Earlier he was entrusted with the responsibility of establishing the organization in Marathwada after the party's decision in 1985 to expand to whole Maharashtra. He became Mayor of Mumbai in 1991. In Narayan Rane ministry, he was a cabinet minister of Revenue, Government of Maharashtra.

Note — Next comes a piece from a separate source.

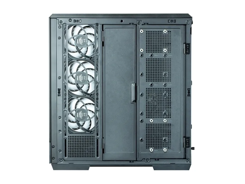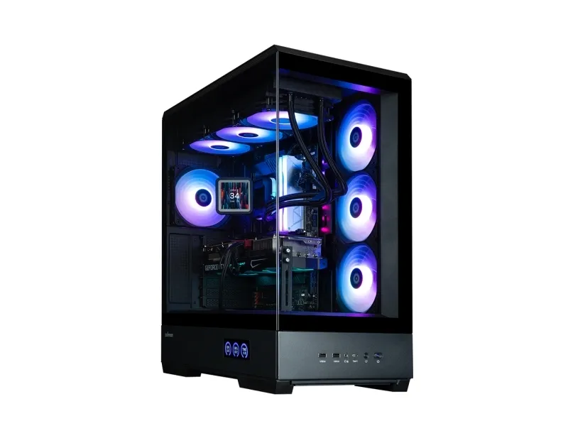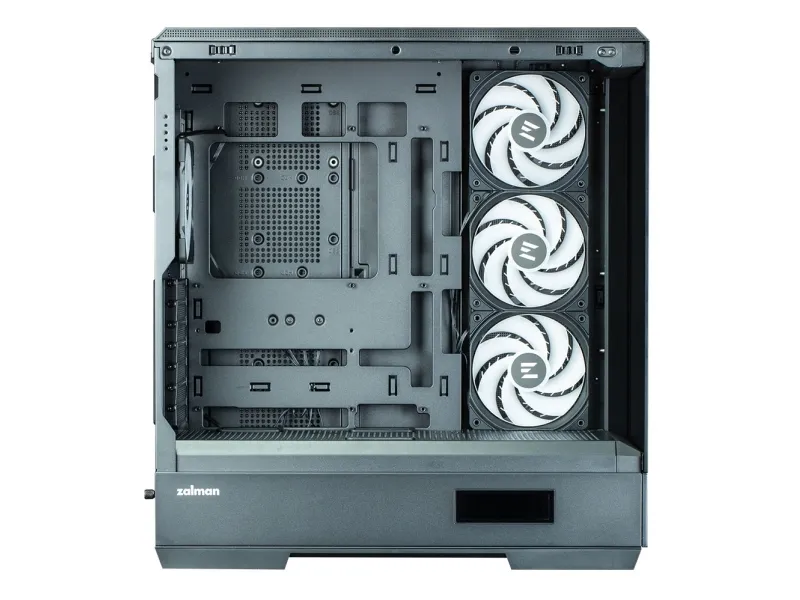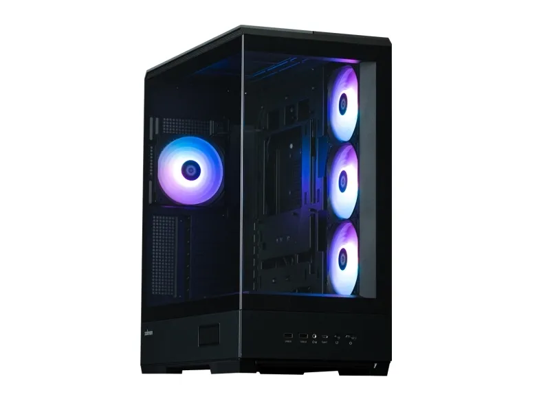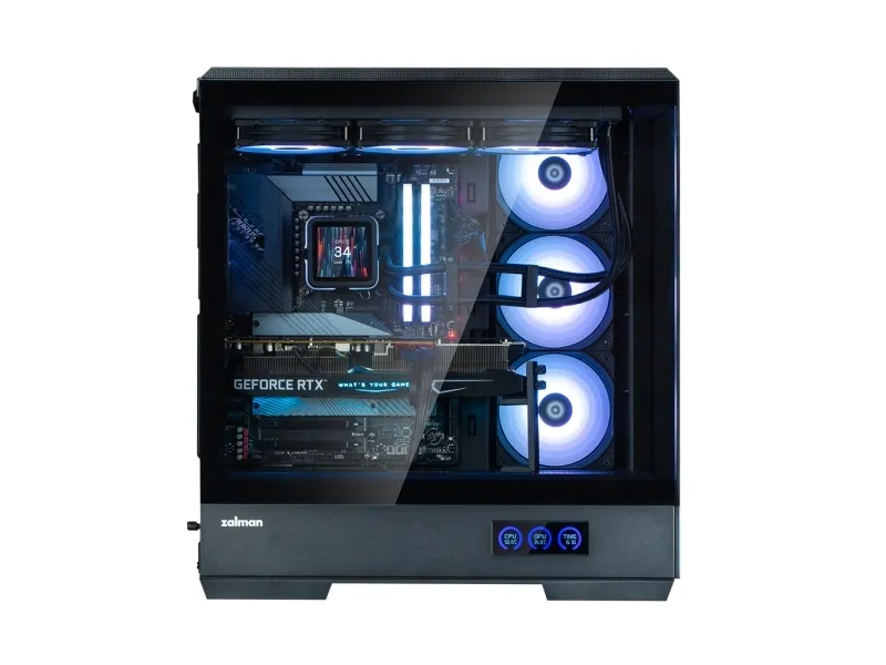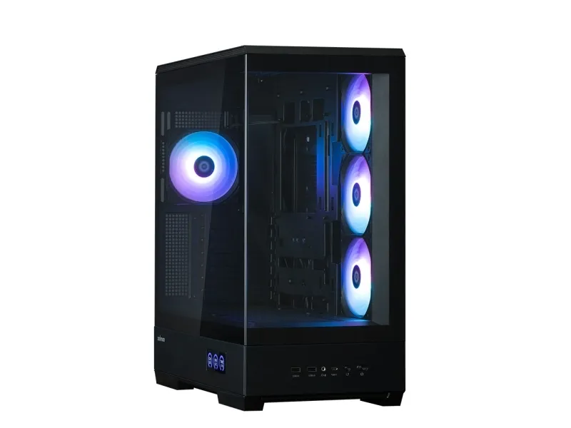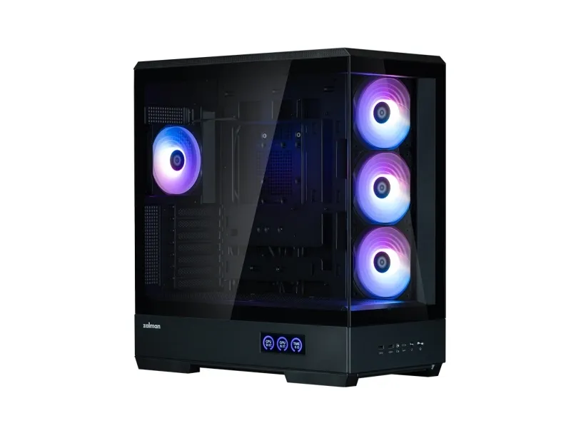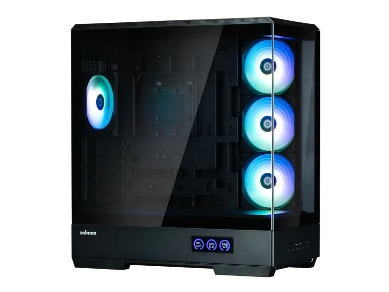 The ZALMAN P50 DS tower chassis features a mid-tower form factor that balances aesthetics and functionality. Equipped with a top panel dust filter and a bottom dust filter, this chassis prevents dust accumulation inside, maintaining airflow and performance. The built-in display provides essential information at a glance, while the toolless side panel allows for easy access, making system assembly and upgrades hassle-free. With the capacity to support up to five internal bays, and a design accommodating video cards up to 435 mm in length and CPU coolers up to 178 mm in height, the P50 DS is versatile for various builds. The 2-piece panoramic glass offers a view of the internal components, complemented by ARGB fans that add flair to any setup. Cable management features streamline organization, ensuring a clean appearance inside and out.

He belongs to the Panchkalshi, a scribal caste community of Hindu society in Maharashtra mostly found in Mumbai and the North Konkan region.

Positions held
 1991-1992: Mayor of Mumbai
 Leader, Shiv Sena 
 1995-1999: Cabinet Minister Maharashtra.
 2004: Elected to Maharashtra Legislative Council
 2008: Shiv Sena Party group Leader in the Maharashtra Legislative Council
 2010: Elected to Maharashtra Legislative Council
 2014: Cabinet Minister of Transport in Maharashtra State Government
 2014-2016: Guardian minister of Parbhani and Nanded
 2016: Elected to Maharashtra Legislative Council
 2017: Guardian minister of Osmanabad

See also
 Devendra Fadnavis ministry

References

External links
 Shivsena Home Page
 http://www.dnaindia.com/mumbai/report-maharashtra-cm-devendra-fadnavis-team-portfolios-allocated-bjp-retains-key-departments-2041510

Shiv Sena politicians
Mayors of Mumbai
Members of the Maharashtra Legislative Council
State cabinet ministers of Maharashtra
Living people
Year of birth missing (living people)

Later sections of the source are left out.